PROBLEM TO SOLVE:
Write out exactly the lines below starting at the one containing "Prep meets pep" and ending at the one containing "最大495Wの大火力と釜全体を包み込む全面加熱が、芯までふっくら炊き上げます。". Omit every picture.

MATERIAL SUPPLIED:
····················

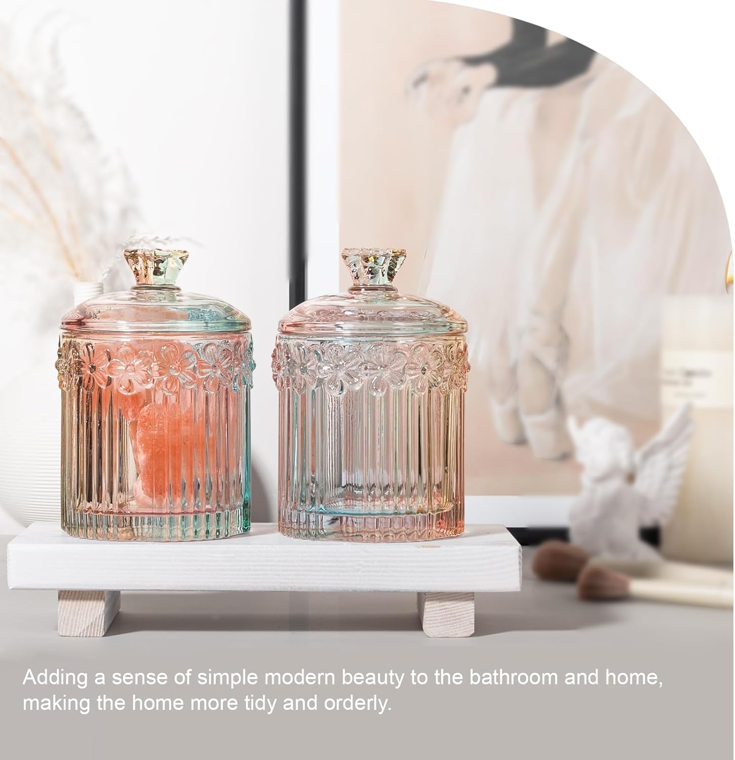 rejomiik 2 Pack Qtip Holder Glass Apothecary Jars with Lids Set Bathroom Canisters Dispenser Organizers and Storage for Cotton Swabs, Balls, Pads, Floss Picks, Candy, Rainbow
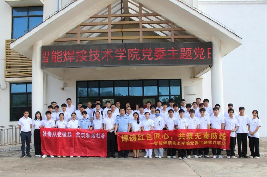 2025年5月13日,智能焊接技术学院党委组织师生党员、入党积极分子共47人赴南宁市戒毒所开展“焊铸红色匠心,共筑无毒防线”主题党日活动,深化党建共建,强化禁毒防艾教育。
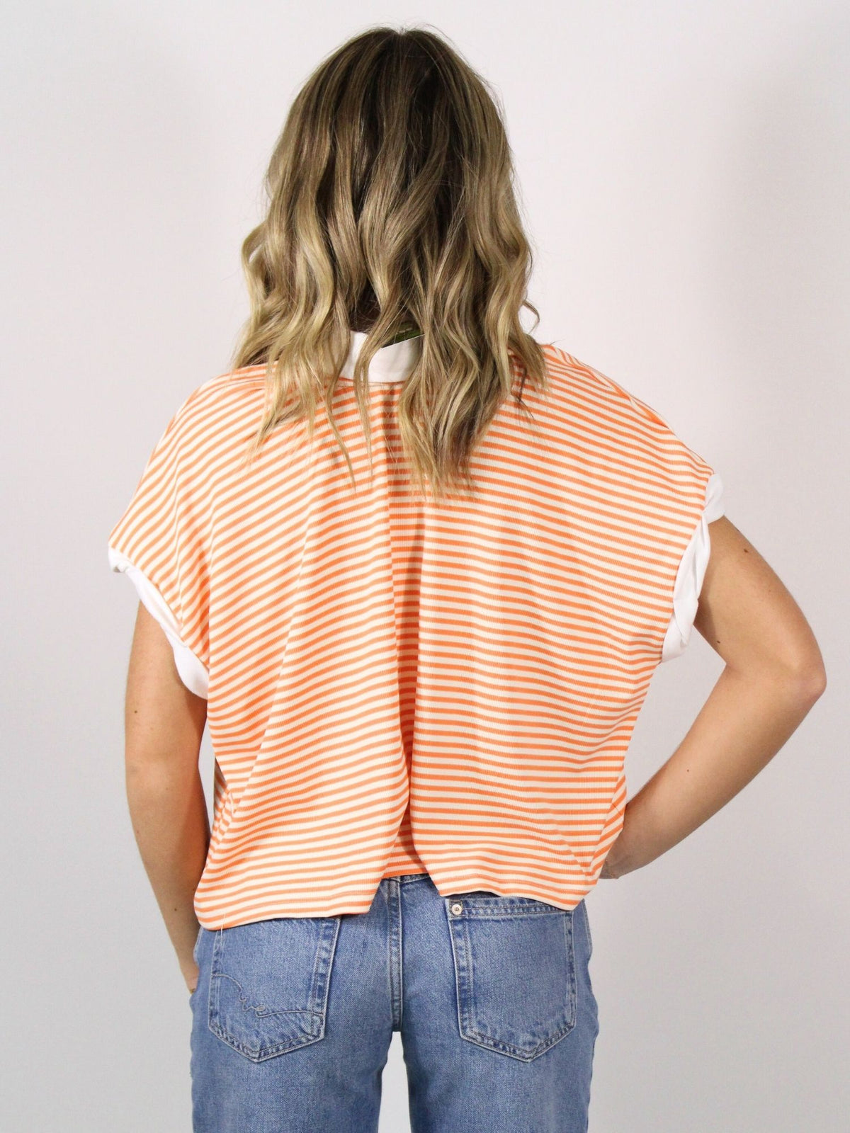 Prep meets pep in the Vol Victory Striped Polo Top—a cropped collared tee designed to bring big orange energy to your Tennessee gameday wardrobe. With a classic stripe print, button-front closure, and laid-back drop shoulders, this top delivers effortless style with just the right amount of spirit. The cropped fit makes it perfect for pairing with high-rise jeans, skirts, or cutoffs, while the breathable fabric keeps you cool from tailgate to touchdown. Whether you're headed to Neyland or celebrating from home, this top is a boutique favorite for Vols fans who want to look cute and collegiate.
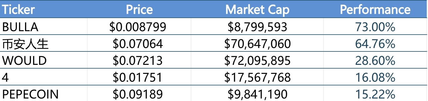过去一周内涨幅前五的 Meme 币
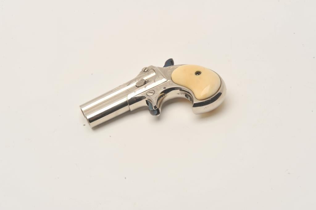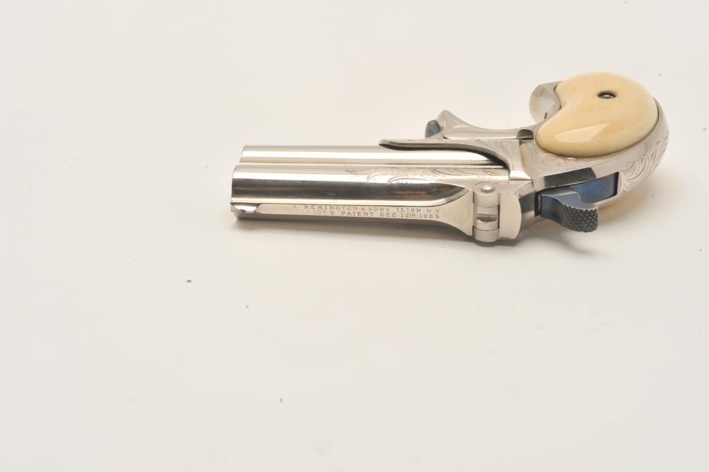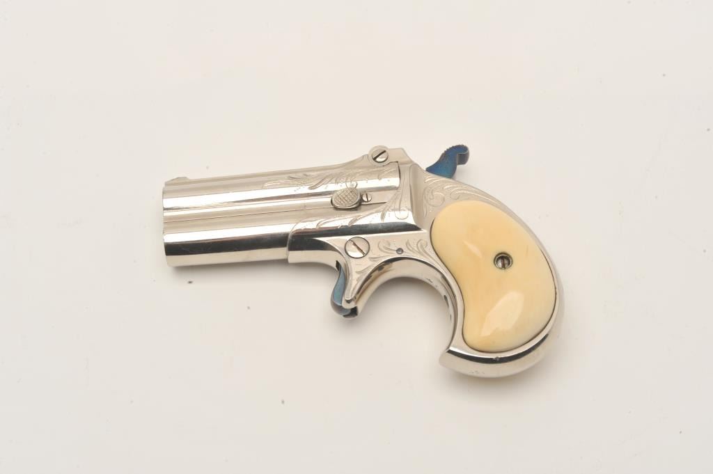 Superb Remington Double Derringer in .41 caliber rim fire with two line address, S/N 2888. Factory style open scroll engraved with ivory grips and nickel plated remaining in fine original condition with 98% plusoriginal nickel and stunning fire blue on the hammer and trigger with almost 100% remaining. Fine original ivory with light yellow patina. Crisp with fine address. No imperfections. A solid 9.9 on a 1-10 scale.The collection of Doug Drummond with a copy of his book. (Antique) Est.: $2100-4200
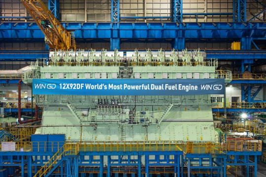 ????作為目前世界最大船用雙燃料低速機(jī),WinGD 12X92DF集超大功率、智能控制、綠色環(huán)保于一體,以優(yōu)異的性能和排放指標(biāo),引領(lǐng)世界同類型發(fā)動(dòng)機(jī)。
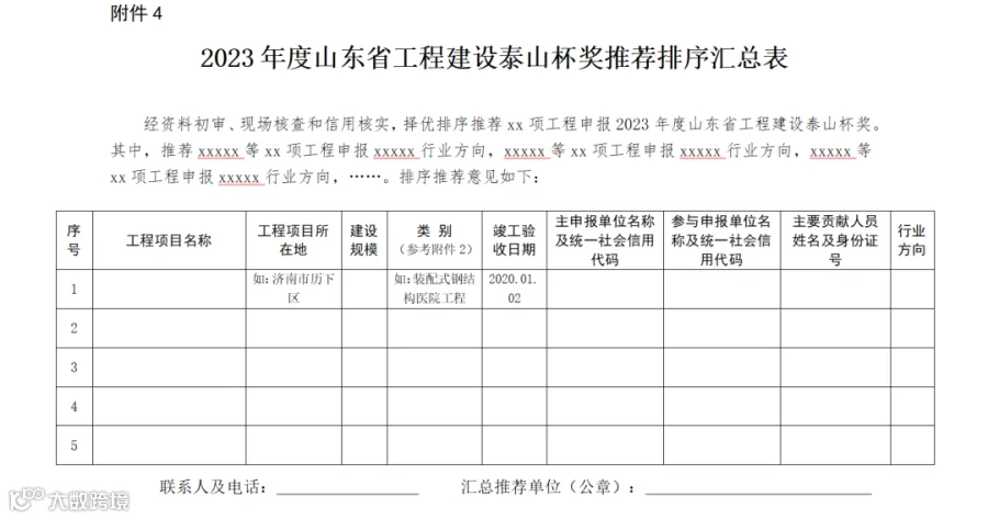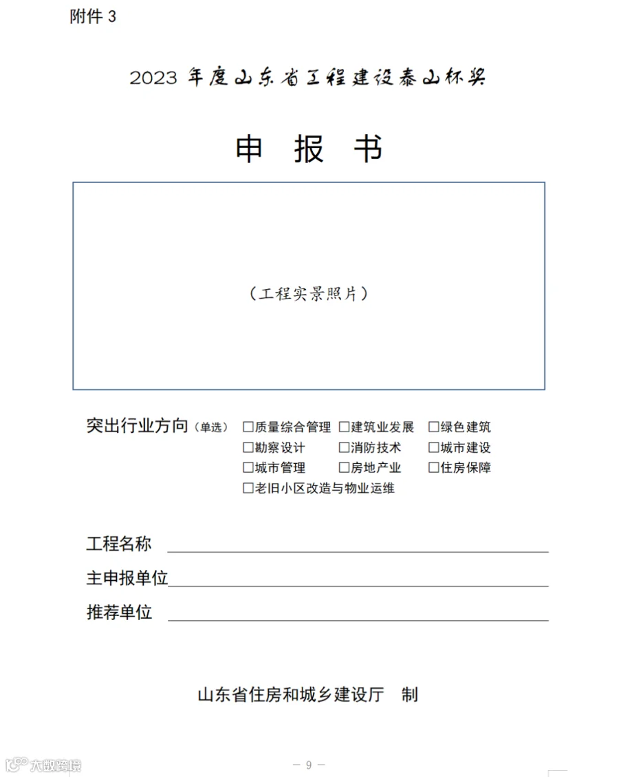 3.2023年度山东省工程建设泰山杯奖申报书
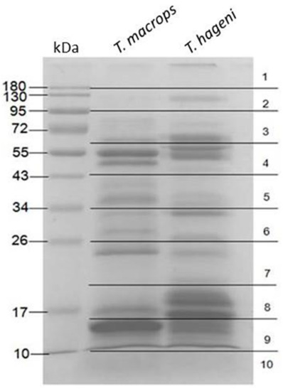 Coomassie blue-stained 12% sodium dodecyl sulfate polyacrylamide gel electrophoresis of T. macrops and T. hageni venoms (30 µg) under reducing conditions.
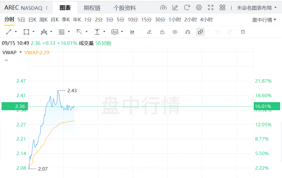 9月15日,美股稀土概念股盘中冲高,American Resources涨超16%,MP Materials涨超5%,Energy Fuels、USA Rare Earth涨超3%。
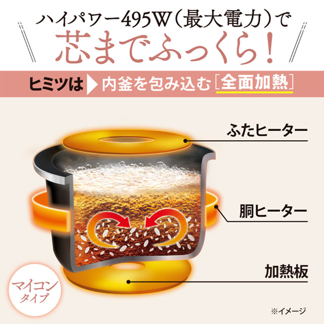 最大495Wの大火力と釜全体を包み込む全面加熱が、芯までふっくら炊き上げます。
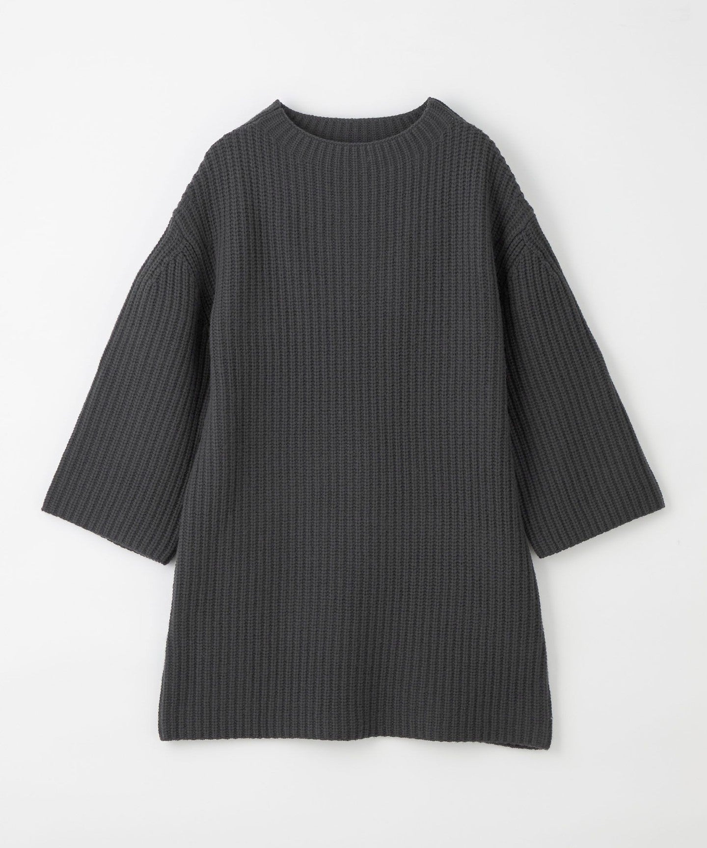 The soft texture of the yarn gives it a feminine feel, SLEEVE OPENING The lack of ribbing gives it a clean look that accentuates the boxy silhouette.
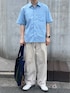 高円寺で古着屋さん巡りした日の服です。 暑い日でも沢山歩くのでスニーカーを履いて、爽やかに軽い色味でまとめました! お気に入りのAURALEEの青シャツはさらっと羽織れていい感じです。

····················

ANSWER TO THIS PROBLEM:
 Prep meets pep in the Vol Victory Striped Polo Top—a cropped collared tee designed to bring big orange energy to your Tennessee gameday wardrobe. With a classic stripe print, button-front closure, and laid-back drop shoulders, this top delivers effortless style with just the right amount of spirit. The cropped fit makes it perfect for pairing with high-rise jeans, skirts, or cutoffs, while the breathable fabric keeps you cool from tailgate to touchdown. Whether you're headed to Neyland or celebrating from home, this top is a boutique favorite for Vols fans who want to look cute and collegiate.
过去一周内涨幅前五的 Meme 币
 Superb Remington Double Derringer in .41 caliber rim fire with two line address, S/N 2888. Factory style open scroll engraved with ivory grips and nickel plated remaining in fine original condition with 98% plusoriginal nickel and stunning fire blue on the hammer and trigger with almost 100% remaining. Fine original ivory with light yellow patina. Crisp with fine address. No imperfections. A solid 9.9 on a 1-10 scale.The collection of Doug Drummond with a copy of his book. (Antique) Est.: $2100-4200
 ????作為目前世界最大船用雙燃料低速機(jī),WinGD 12X92DF集超大功率、智能控制、綠色環(huán)保于一體,以優(yōu)異的性能和排放指標(biāo),引領(lǐng)世界同類型發(fā)動(dòng)機(jī)。
 3.2023年度山东省工程建设泰山杯奖申报书
 Coomassie blue-stained 12% sodium dodecyl sulfate polyacrylamide gel electrophoresis of T. macrops and T. hageni venoms (30 µg) under reducing conditions.
 9月15日,美股稀土概念股盘中冲高,American Resources涨超16%,MP Materials涨超5%,Energy Fuels、USA Rare Earth涨超3%。
 最大495Wの大火力と釜全体を包み込む全面加熱が、芯までふっくら炊き上げます。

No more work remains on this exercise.